# Dried Flowers



## MyTortoise (Oct 27, 2014)

Hello all; I was wondering what your opinion is on dried flowers... Are they good for tortoises? I'm thinking of ordering some from this website: http://www.shelledwarriorsshop.co.uk/dried-flowersweeds-48-c.asp
If you do recommend dried flowers, which ones from the website would you recommend? 
Thanks.


----------



## G-stars (Oct 27, 2014)

Mine won't touch anything that's not fresh. Maybe try a few and see how that goes before you stock up on them. 


— Gus


----------



## wellington (Oct 27, 2014)

If you still have any weeds or flowers left that are tort safe, dry them yourself and feed them whole. Just take a bunch, tie them together and hang upside down ina cool dry place, like a closet. The type they are selling, will cost a lot to even make one meal out of it. Otherwise, it would be okay to buy them, just pic the ones that are in your torts diet.


----------



## MyTortoise (Oct 27, 2014)

I have never actually fed my tortoise flowers :-( besides dandelions so I'm a bit unsure still...


----------



## wellington (Oct 27, 2014)

Check out the Tortoisetable.org.uk something like that.

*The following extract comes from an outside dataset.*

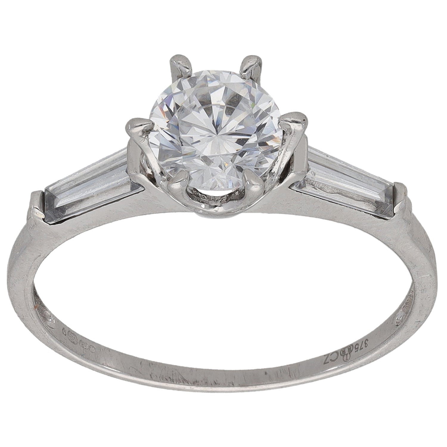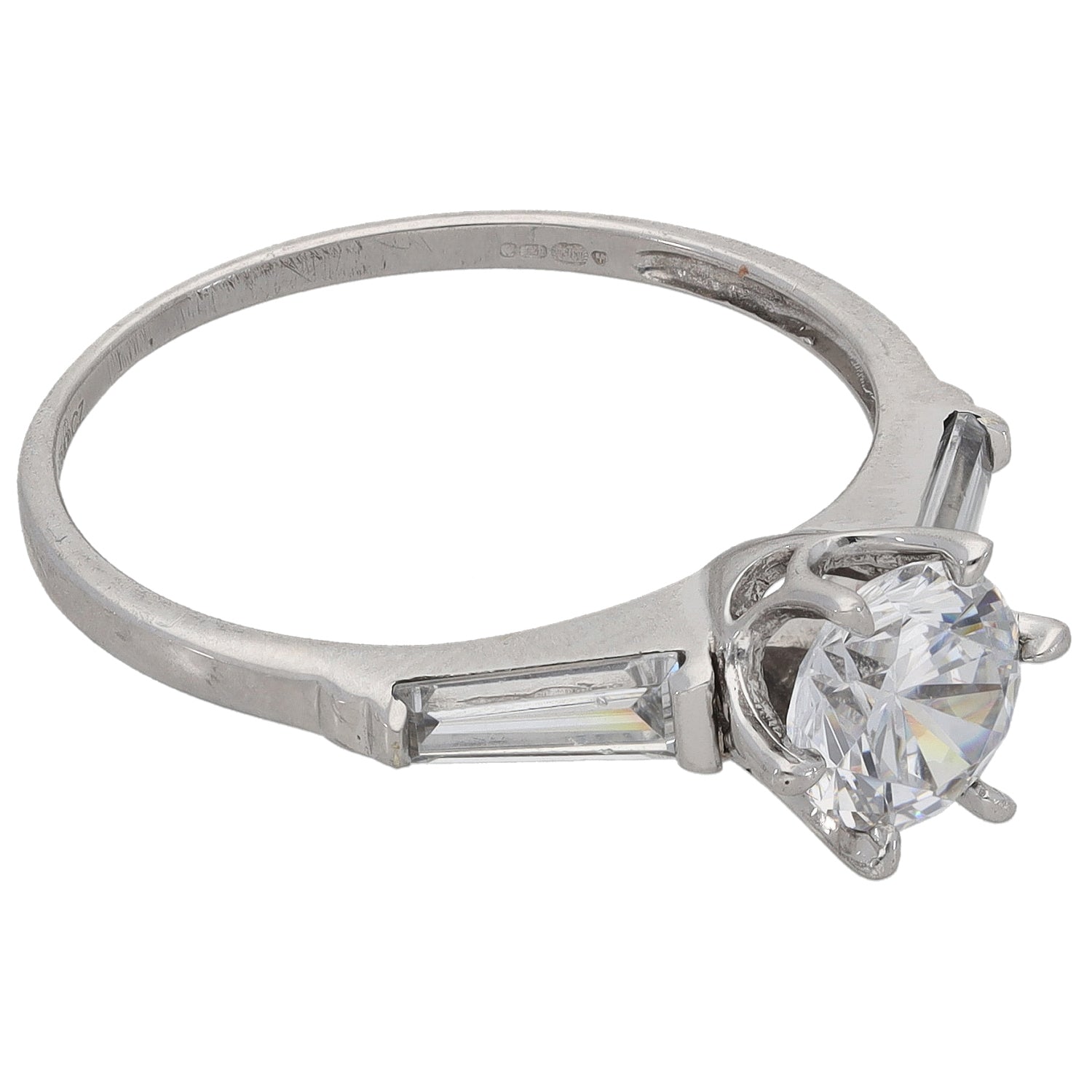 9ct White Gold Cubic Zircona Single Stone Ring with Accent Stones Size S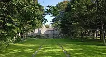 St. Columba is reputed to have established a monastic settlement on Lambay c. 530 AD, which passed to Colman and a line of successor abbots and at least one bishop. The religious settlement was raided by Vikings in 795, resulting in the church and buildings being ransacked and burned.[34] Surveys in the early 20th century found remains of an enclosure to the south of the present chapel, and these, and modern satellite photography, suggested it was a moated site.

There you will find edible safe flowers, start there.


----------



## MyTortoise (Oct 27, 2014)

These are the flowers included in a bag, are they suitable?

Rose Petals

Calendula Petals

Marsh Mallow whole flowers

Hibiscus flowers

Mullein Flowers


----------



## G-stars (Oct 27, 2014)

Not sure about the others but hibiscus and roses are good both leaves and flowers. 


— Gus


----------